By JOANNE HELMER of the Weyburn Review

The chairman of the South Central School Division said the proposed new school board boundaries released Monday will provide no property tax relief for farmers or home owners and actually could take provincial dollars out of the education system in this region.

A map with the proposed new boundaries was released from the Calvert government's task force on education equity.

Under the plan, the proposed school division for this corner of the province will reach from the U.S. border to Francis, east to the Manitoba border and west to Ogema. The plan would see South Central and Sunrise School Divisions amalgamate with Estevan Public and Estevan Rural divisions, as well as Souris-Moose Mountain School Division.
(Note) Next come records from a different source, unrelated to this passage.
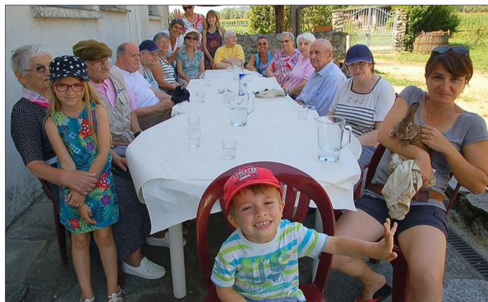
Plusieurs générations réunies autour de la table du pique-nique avec les résidents de la maison Saint-Jean.

Une bonne vingtaine de pensionnaires de la maison de retraite du Touvet sont venus passer la journée à la Ferme d'antan vendredi dernier.
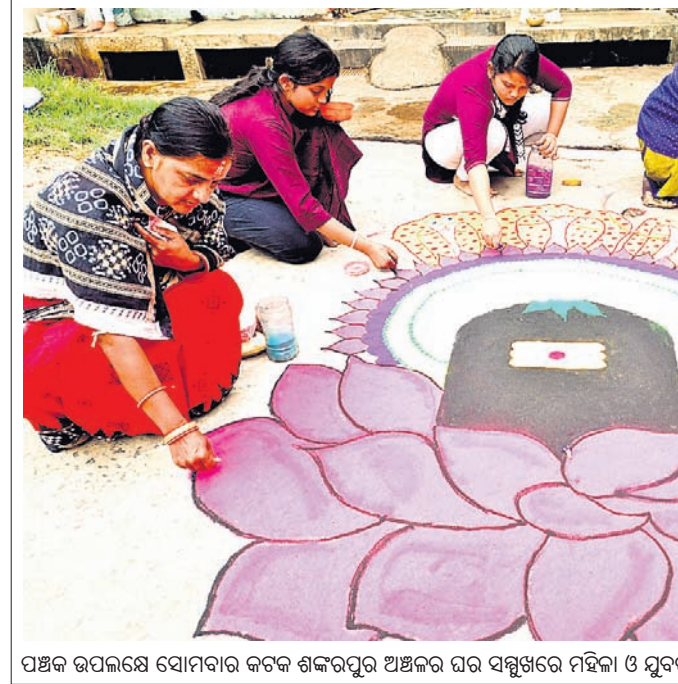
ପଞ୍ଚକ ଉପଲକ୍ଷେ ସୋମବାର କଟକ ଶକରପୁର ଅଞ୍ଚଳର ଘର ସମ୍ମୁଖରେ ମହିଳା ଓ ମୁଦତା ଖେଳି ପକାଉଛନ୍ତି ।
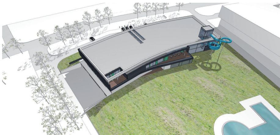
Park Wodny powstanie tuż obok odkrytego basenu

Program został podzielony na trzy obszary. Przyjazna Częstochowa - Aktywna to kierunek, związany
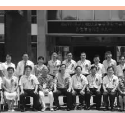
新一届全体董事合影
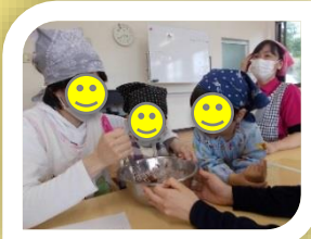
おやこクッキング

住所：鹿屋市笠之原町5-58-2 TEL：0994-45-5711 mail：children-akari@kanoya-choujuen.jp 営業時間：月～土曜日 8：30～17：30
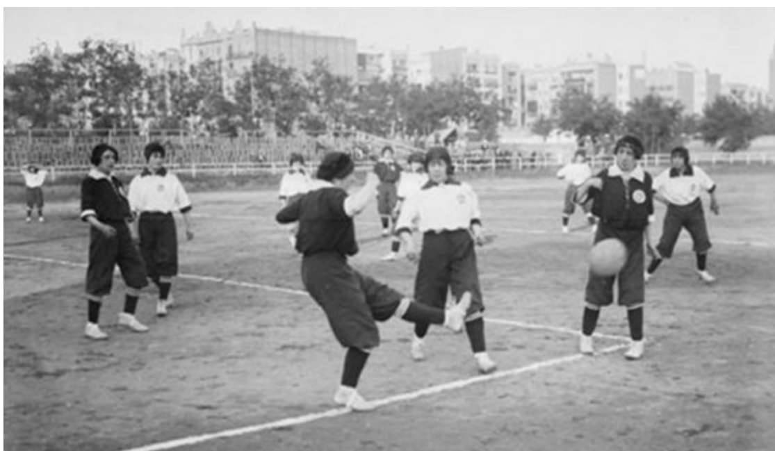
Els dos equips sorgits de l'Spanish Girl's Club s'enfronten a l'estadi de l'Espanyol el 9 de juny de 1914
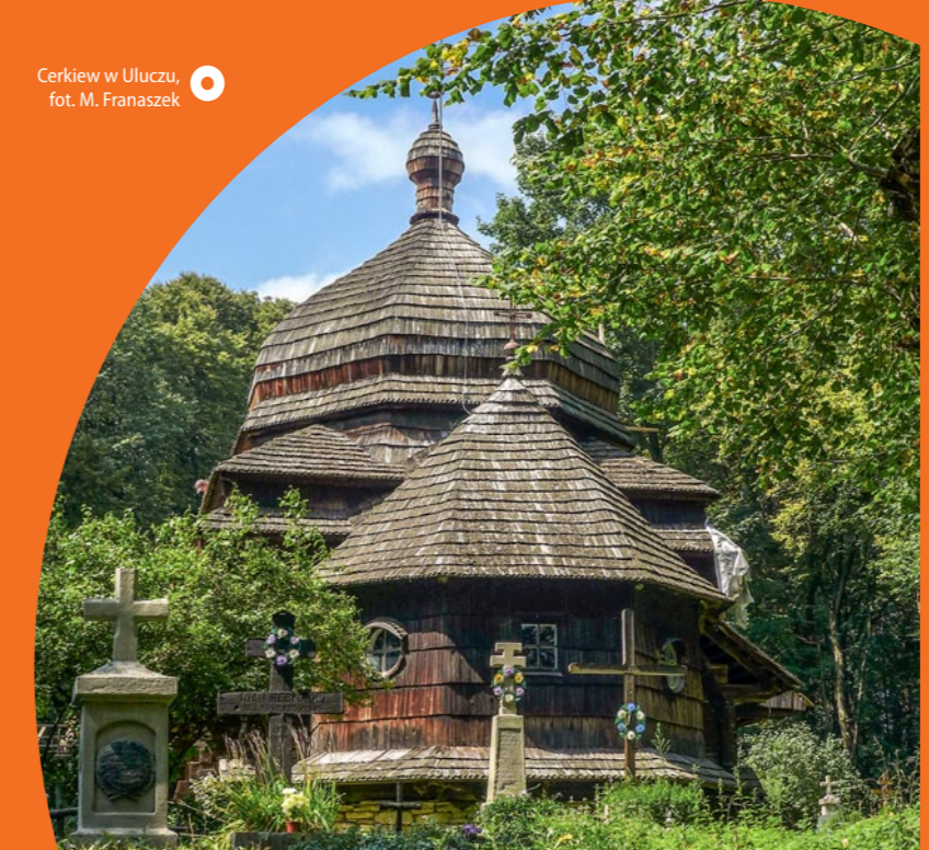
Cerkiew w Uluczu
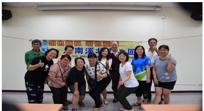
08/17 導覽行前會前會協商
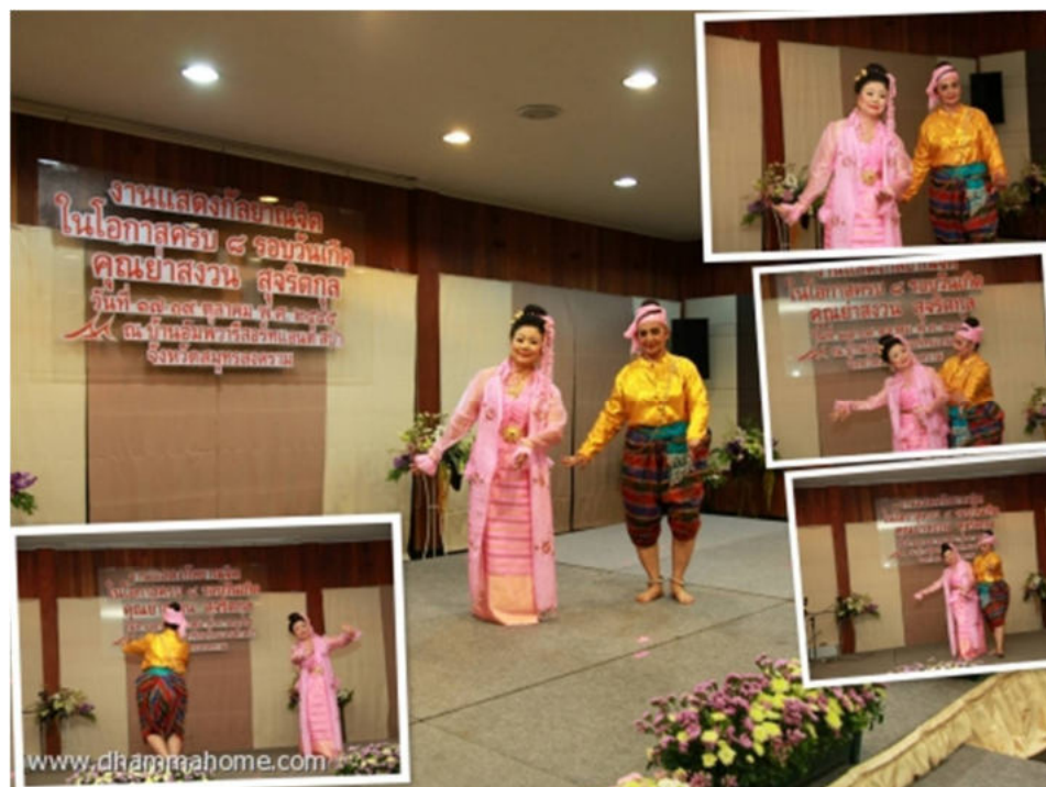
รำลาวดวงเดือน
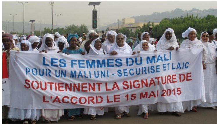
Figura 3. Manifestación de mujeres en Bamako en defensa del Acuerdo.

consultas regulares con las mujeres y jóvenes de Kidal 56 . En general, según Toure Omou, aunque apenas representadas en las negociaciones finales, las mujeres fueron el grupo más activo de la sociedad civil al comienzo de la crisis, movilizándose individual y colectivamente a través de manifestaciones, publicación de declaraciones, e iniciativas con diferentes autoridades (Figura 3) 57 .

New provincial guidelines require all school divisions to serve a minimum of 5,000 students.

South Central Chair Audrey Trombley said the new plans are part of the Calvert government's continued punishment of rural voters in Saskatchewan.

The new school board boundaries will reduce the amount of provincial dollars going into the small city schools and allow more provincial spending in the larger city schools but nobody will see property tax reductions from the changes, she said.
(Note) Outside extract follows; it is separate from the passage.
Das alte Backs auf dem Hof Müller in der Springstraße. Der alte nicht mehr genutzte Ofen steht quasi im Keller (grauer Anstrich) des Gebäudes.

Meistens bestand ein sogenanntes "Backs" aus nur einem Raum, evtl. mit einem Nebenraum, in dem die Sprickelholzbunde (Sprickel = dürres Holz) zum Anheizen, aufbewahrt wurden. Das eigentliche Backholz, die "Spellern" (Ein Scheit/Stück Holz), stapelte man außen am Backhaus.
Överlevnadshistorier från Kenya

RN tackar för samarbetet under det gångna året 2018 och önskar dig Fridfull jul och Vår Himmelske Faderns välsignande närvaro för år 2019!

"The new school divisions will continue to cost local taxpayers the same amount, without necessarily providing improvements to the education system," she said.

South Central is currently a zero-grant board, meaning it receives no provincial grant money to help operate its schools and pays for the entire cost from local taxpayers. Sunrise Public Board currently receives about $3.6 million annually from the province.

Trombley said Manitoba school trustees warned this summer that amalgamation cost money there and continues to cost money. "It appears the only saving realized through amalgamation is school closures and teacher cuts," she said.

Trombley said the amalgamation of 59 public school divisions in Saskatchewan into a total of 13 will transfer rural tax assessments into the small cities like Weyburn. The end result is that the large, new boards outside the cities will receive fewer provincial dollars in total to educate their children, she said.

There will be no more rural boards that are not connected to city boards, said Trombley.

She said the provincial government is hinting that it's been forced into this amalgamation process because increased provincial school board grants in the past did not result in tax relief.

But, at the same time, the province increased education spending in past budgets, it also negotiated higher salaries for teachers and support staff, she said. School boards had to pay that and increased gas prices for transportation, she said.

So it's unfair for the province to suggest it has to take this avenue when the increased provincial grant did not meet the government's commitment for higher salaries, said Trombley.

Under the new plan, Lang and Milestone parents would send their children to a larger, new Qu'Appelle school division rather than to the new district to the south. Lang is currently a member of Sunrise School Division, as a result of amalgamation this year, but has asked to be moved into a more rural division.

Darla Schmidt, Lang trustee on the Sunrise Board had no comment about the map.

Learning minister Andrew Thomson said, when releasing the map, it is not the final version of the boundary changes. "It's the basis for discussion between the task force, the school division officials, and education stakeholders beginning this month," he said.

South Central is scheduled to meet with the task force on Thursday, Sept. 30. No process is set up to hear input from the public.

The chair of Sunrise School Board would not comment on the map until after a meeting of the board. Johanna Tiefenbach said board rules require a meeting before any comment is made on issues. In the past, Sunrise has supported the province's amalgamation process.

The chair of Yellow Grass School Board, Donna Quigley, also refused comment.

The proposed new boundary raises questions about the future of the Weyburn Comprehensive School board. The board is currently composed of representatives from both public and separate schools in the region.

Neither separate or Francophone school divisions are subjected to the amalgamation process due to constitutional issues but the Comp serves both Catholic and public school students for many communities.

The executive director of school finance in Saskatchewan Learning said Monday the task force faces two other situations like the WCS Board that mix public and separate trustees. The situations will have to be discussed before any final decisions are taken on new boundaries, said Don Sangster.

Sangster said the task force will talk with all the different stakeholders to determine if a new management board can be created to operate the Comp. "We don't have that answer worked out yet," he said.

Comp board chair Bruno Tuchscherer said Tuesday he has seen the map but is reluctant to comment on it until he discusses it with the board. "There will have to be some changes but I don't know to what extent," he said.

"We'll still need the Comp School because we have no other school. And we've worked together all these years, I don't see why we wouldn't continue to do so to educate our kids," said Tuchscherer.

The reeve of the Rural Municipality of Brokenshell said he can't see the amalgamation doing anything for property tax relief. Brokenshell is the only other RM in the region to adopt the stance taken by the RM of Scott to unilaterally reduce its contribution to school taxes this year.

Don Watson said he wishes amalgamation would help but doubts it will. "It always appears it costs more in the long run," he said. "The cost of transportation, for one thing, is getting out of hand."

Both RMs will send a maximum of $5,500 per student in education taxes rather than the higher amount they are both assessed. The move is a protest of provincial government's failure to reduce the education portion of the property tax bill.